*** SUPPLIED MATERIAL Section Begins ***

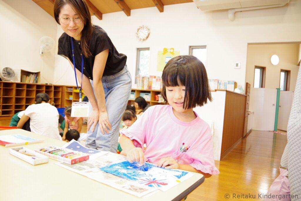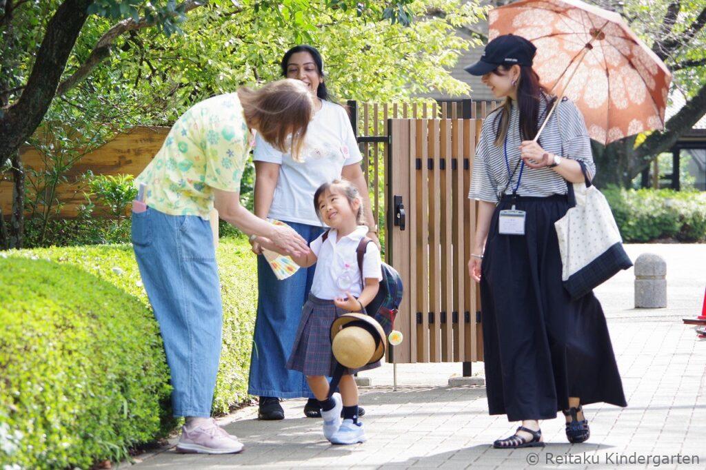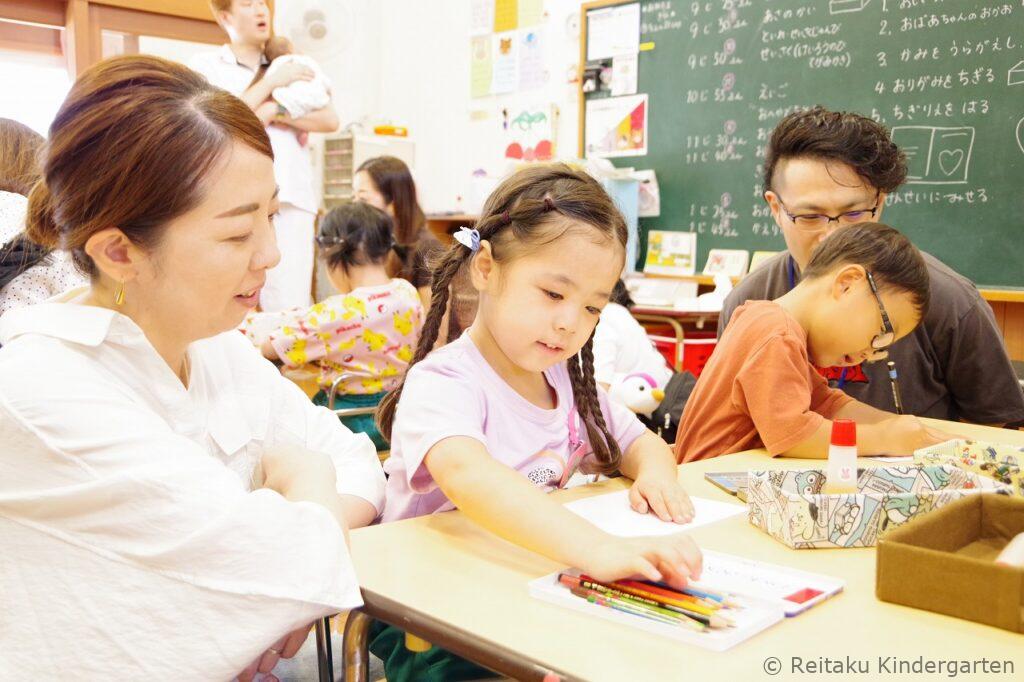 親子一緒に登園し、そのまま教室に入りました。今日は、お母さんと、あるいはお父さんと一緒ですので、いつもと違って子どもたちはとてもうれしそうです。登園後の自由遊びから朝の会、主活動等の半日の保育の流れをゆっくり参観していただきました。
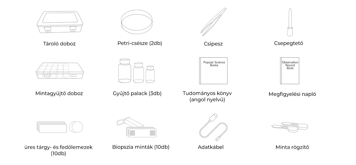 mikroszkóp; 10 db üres tárgy- és fedőlemez; mintagyűjtő eszközkészlet; tudományos könyv (angol nyelvű); megfigyelési napló; adatkábel
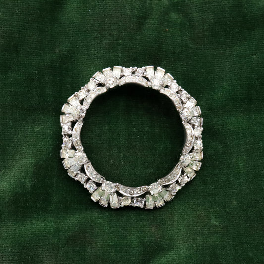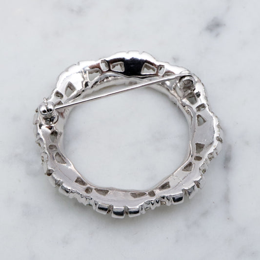 Art Deco Revival Jomaz rhodium plated rhinestone open wreath brooch
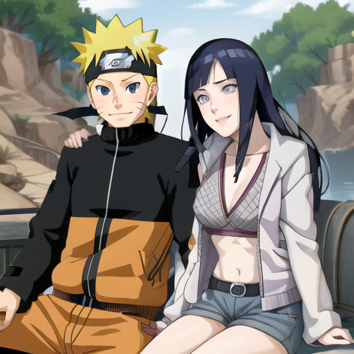 NarutoHinataRTN, a man and a woman, hetero, standing, smile, cowboy shot
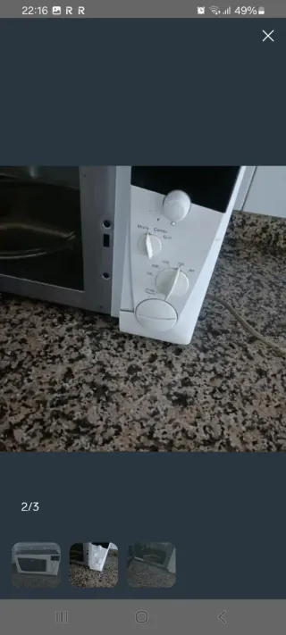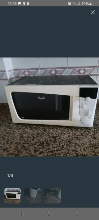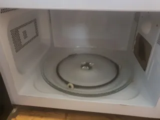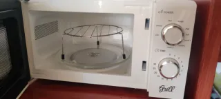Microondas de color blanco, perfecto para tu cocina. - Diseño compacto. - Mandos giratorios para potencia y tiempo. Tiene marcas y desperfectos por el paso del tiempo pero funciona perfectamente. No es negociable, estará anunciado hasta el sábado.

*** SUPPLIED MATERIAL Section Ends ***

REQUIRED WORK:
Extract the lines beginning with the one that contains "mikroszkóp; 10 db" and ending with the last line of the listing. Keep them exact and drop the pictures.

FINISHED EXERCISE:
 mikroszkóp; 10 db üres tárgy- és fedőlemez; mintagyűjtő eszközkészlet; tudományos könyv (angol nyelvű); megfigyelési napló; adatkábel
 Art Deco Revival Jomaz rhodium plated rhinestone open wreath brooch
 NarutoHinataRTN, a man and a woman, hetero, standing, smile, cowboy shot
Microondas de color blanco, perfecto para tu cocina. - Diseño compacto. - Mandos giratorios para potencia y tiempo. Tiene marcas y desperfectos por el paso del tiempo pero funciona perfectamente. No es negociable, estará anunciado hasta el sábado.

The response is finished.